Cette pierre fait partie d'un sanctuaire du même nom, situé entre le Forum et le Comitium. Les vestiges de ce sanctuaire, perdus par suite du développement des constructions sous l'Empire romain et du chaos dû à sa chute, ont été mis au jour au tout début du XXe siècle par l'archéologue italien Giacomo Boni. Ils sont accessibles par un escalier creusé dans le sol, aménagé juste devant la Curie.

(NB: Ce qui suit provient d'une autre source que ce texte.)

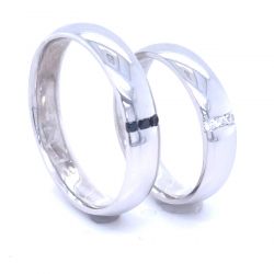 Black and white - tyto snubní prsteny z platiny s diamanty vypadají velmi jednoduše, ale zároveň velmi neotřele. V půlkulatém leštěném profilu jsou zasazené v rovné linii v dámském prstenu 3 bílé diamanty a v pánském prstenu 3 černé diamanty. Šířka snubních prstýnků je 4,5mm a jsou určené pro odvážné muže, kteří se nebojí nosit něco neotřelého.
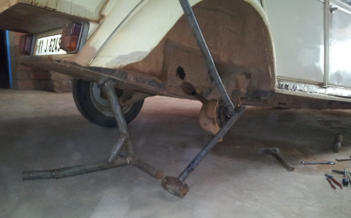 Après le changement de bras droit, la 2CV était prête pour les travaux de la maison et le voyage que nous avons fait à Bobo:
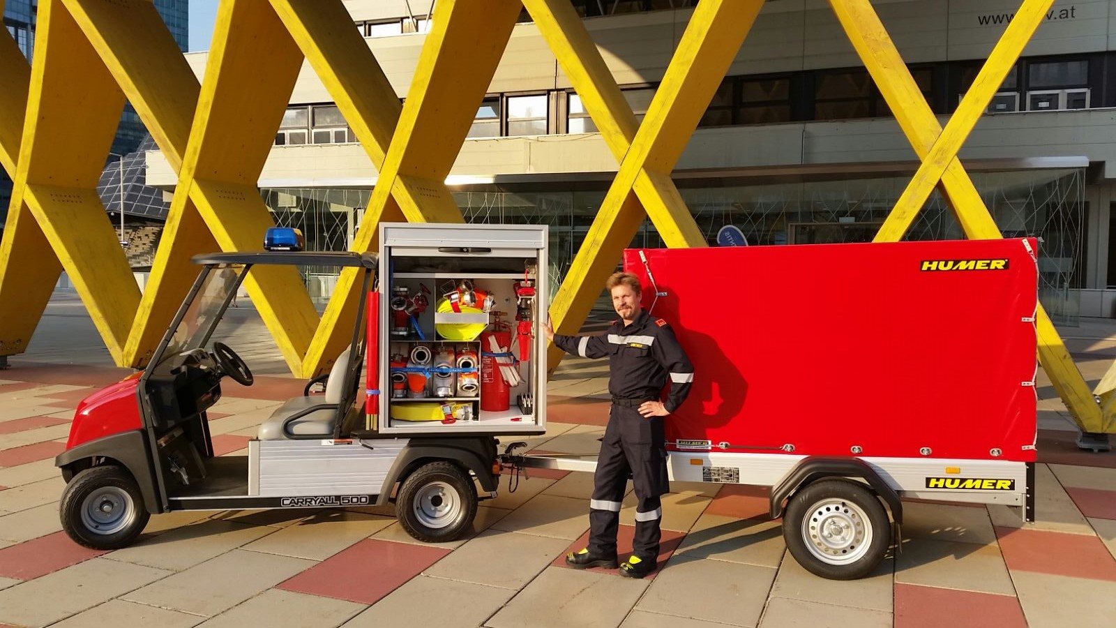 Voller Stolz durfte die Prochaska Handels GmbH das erste Club Car Elektro-Feuerwehrfahrzeug an die Betriebsfeuerwehr des Austria Center Vienna übergeben. Dieses besondere Fahrzeug verfügt über eine Sonderausstattung mit Atemluftfalschen und weiterer Spezialausrüstung on Board. Zudem befindet sich eine Drucksteigerungspumpe am Anhänger. Außerdem ist das Fahrzeug für die Straße zugelassen. Auf diese Weise gerüstet wird das Fahrzeug effizient seinen Beitrag zur Brandschutzsicherung des Austria Center Vienna leisten.
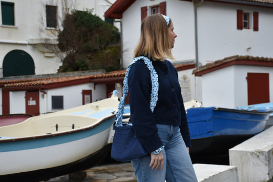 Le sac Perlette Réversible Vichy Bleu & Velours Bleu
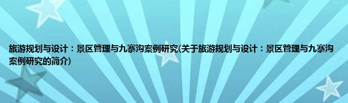 本文关于旅游规划与设计:景区管理与九寨沟案例研究的简介就讲解完毕,希望对大家有所帮助。
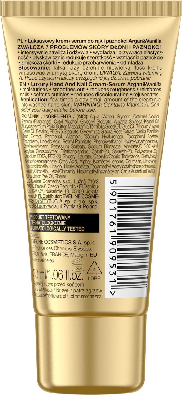 Argan & Vanilla Professional Luxury käte- ja küünekreem on kreem-seerum kompaktses suuruses, ideaalne kaaslane käekotis või reisil. See niisutab intensiivselt, silendab nahka ja tugevdab küüsi, pakkudes samal ajal rahustavat vanillilõhna, mis hellitab meeli.
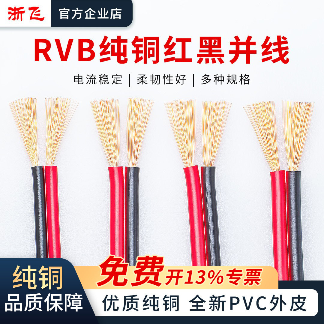 RVB红黑线并线纯铜电源监控线2芯喇叭线0.5 0.75 1.0 1.5 2.5平方
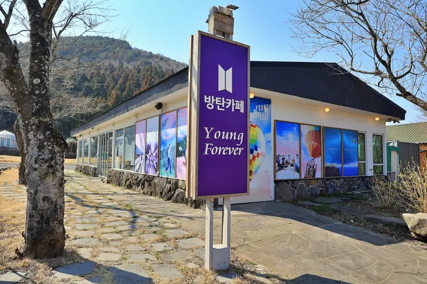 BTS 팬이라면 꼭 한 번 들러야 할 장소 중 하나가 바로 ‘방탄카페 영포에버(Young Forever)’이다. 제주시 조천읍 교래리에 있는 이 카페는 BTS의 스페셜 앨범 《화양연화(Young Forever)》 재킷 화보 촬영지다. 특히 멤버들이 열기구를 탄 장면이 촬영된 장소로 유명하다.
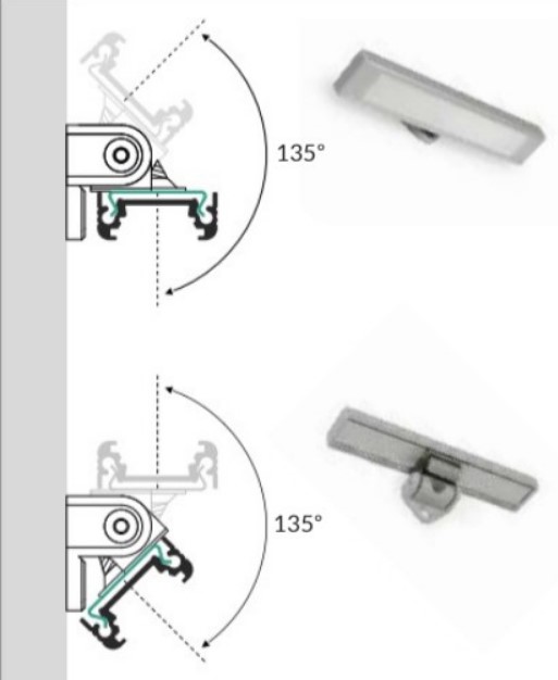• Благодаря использованию шарнирной рукоятки - можно осветить необходимую поверхность под любым углом (диапазон 135 °)
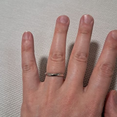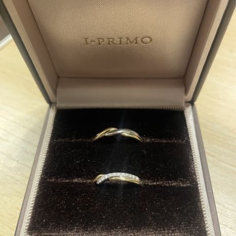 2人の好みが違ったので、おそろいではなくてもそれぞれに似合ったデザインで作って頂き大満足です。 夫のは平打ち、私は甲丸のコンビミルで、ゴールドの色も赤みの具合が選べて1番肌なじみのいい色を選んで頂きました。 さりげないけどおしゃれなデザインが本当に気に入っています。
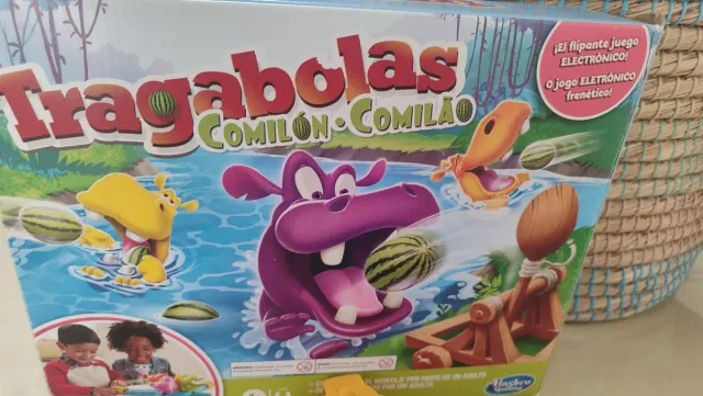 Detalles del productoCada jugador tiene 5 meloncitos de plástico en su catapulta. Apunta y lanza el melón antes que el hipopótamo cierre la boca de manera automática . Cómo nuevo, con caja e instrucciones.

L'inscription fait allusion à un roi (rex), et peut donc évoquer des événements datant de la Royauté, ou peut-être s'agit-il d'un rex sacrorum, haute autorité religieuse du début de la République romaine. À un moment donné, les Romains ont oublié la signification originale de l'édifice, ce qui les a conduits à proposer plusieurs légendes contradictoires au sujet du sanctuaire : Festus Grammaticus fait allusion à une pierre noire (lapis niger in Comitium) en rapport avec la mort de Romulus, premier roi de Rome, ou comme tombe de Faustulus, qui avait recueilli Romulus[5] ; certains comme Varron ou Denys d'Halicarnasse croyaient que le Lapis niger marquait la tombe de Romulus ; d'autres en faisaient la tombe d'Hostus Hostilius, père du roi Tullus Hostilius[6],[1].
La découverte de cette inscription, manifestement archaïque, s'accompagna d'une polémique sur sa datation. Les Italiens Giacomo Boni et le linguiste Luigi Ceci(it) y voyaient une preuve de l'authenticité des récits de Tite-Live sur les origines de la fondation de Rome et la dataient du VIIe siècle av. J.-C.. Cette position traditionaliste les opposait aux historiens Barthold Georg Niebuhr et Theodor Mommsen, dont les ouvrages, écrits avant les fouilles du Forum, faisaient autorité et professaient une vision hypercritique, ravalant les récits des origines de Rome au rang de légendes sans valeur historique. La discussion se développa entre les partisans d'une datation vers les VIIe ou VIe siècle av. J.-C. et les critiques situant l'inscription au Ve siècle av. J.-C., voire au IVe siècle av. J.-C.. Même si les positions hypercritiques furent également défendues par Ettore Pais, la question prit rapidement l'allure d'une querelle nationaliste entre Allemands et Italiens[7].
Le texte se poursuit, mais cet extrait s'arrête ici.